2. When forging a weapon for a target player the forge tries to pick a difficulty closest to the target's skill.
3. If the target's skill is higher than the maximum difficulty set in premise #1 it caps out and does not pass this.
4. If the target's skill is lower than the minimum difficulty set in premise #1 it caps out and does not pass this.

Example #1:
An Artificer forges a steel longsword for an orc fighter with 100 longsword skill. If the Artificer makes a very fine steel longsword the highest difficulty it can be is extremely difficult which is difficulty 10 out of 11 possible and this will be the outcome. An extremely skilled (11 of 11 difficulties) was not produced because that would have violated premise #3 up above.

Example #2:
An Artificer forges a steel longsword for an orc fighter with 0 longsword skill. If the Artificer makes a very fine steel longsword the lowest difficulty it can be is moderate skill which is difficulty 6 out of 11 possible and this will be the outcome. A grandmother eval (1 of 11 difficulties) was not produced because that would have violated premise #4 up above.

Example #3:
An Artificer forges a steel longsword for an orc fighter with 76 longsword skill. If the Artificer makes a very fine steel longsword the outcome will likely be a very difficult which is difficulty 9 out of 11 possible. The target's skill wasn't too high for premise #3, and it wasn't too low for premise #4.

Ficer Difficulty Tables:
Minimum = http://anguish.org/tools/showcurrentnote.php?id=38&datetime=1493699476
Maximum = http://anguish.org/tools/showcurrentnote.php?id=38&datetime=1495251462
Note: These posts focus on Lead through Steel. Once you go above mithril the difficulties do change.

Subjectivity:
Whitehand saying trillian is okay for 10 skill is misleading. It depends on what weapon type we're discussing. If it's a trillian scalpel for 10 knife skill, then yes it's a good choice. But if it's a trillian battleaxe for 10 skill then you're just hurting yourself and you'll have a hard time hitting anything and you'll skill very slowly since a trillian battleaxe's minimum difficulty is very high.

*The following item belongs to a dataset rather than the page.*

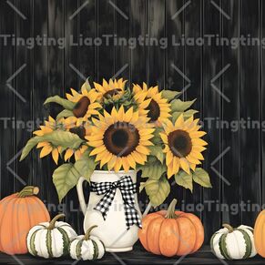 Thanksgiving,Autumn,Vase,Sunflower,Pumpkin,Wood Grain

Eco asked if trillian improved a weapon's maximum difficulty to which Whitehand said, "no it improves skilling." In this statement Eco is actually correct, trillian changes the possible weapon difficulties as stated in premise #1 it's the weapon type and metal that determine difficulty potentials. The statement Whitehand made is about a fighter's evaluation summary which is based on how close a weapons difficulty is to your skill, how heavy the weapon is, and how damaging. Whitehand's statement is misleading because it implies that a trillian warhammer could be perfectly suited for someone at 20 club skill, or that it will help them skill faster, both of which aren't true.

Mani might be onto something interesting, but instead of anecdotal evidence it needs to be tested with a fighter's evaluations. What you'd need to do is forge 12 different greatswords. Forge a very fine greatsword of lead, zinc, tin, gold, copper, iron, platinum, bronze, brass, silver, electrum, and steel all for you at the same time so they're all forged for the same skill. Then have a fighter "eval zinc greatsword for mani out loud" and do that for all 12 swords. At the bottom of the eval it'll give a summary like "Mani couldn't hit the broad side of a barn with this greatsword" and there will probably be some sort of progression between the 12 metals. My hypothesis based on the reasearch I've personally seen is that lead will be the worst and it'll get better as you go up toward steel which might say "this greatsword is excellent for Mani". Or if Mani is onto something here then perhaps the steel forge will be really poor but the platinum or brass for his 30 ish skill might be "excellent".

However, the weapon type and metals are what determine the minimum and maximum difficulties ficer weapons have, they are hard-coded into the game. So I'm not sure exactly what is working better or worse for Mani between these metals (damage, chance to hit, skilling, etc) but all metals from at least lead through steel will eval at moderately difficult for a greatsword forged for 30 ish skill. It's not until he reaches about 65 two handed sword that the difficulty will change.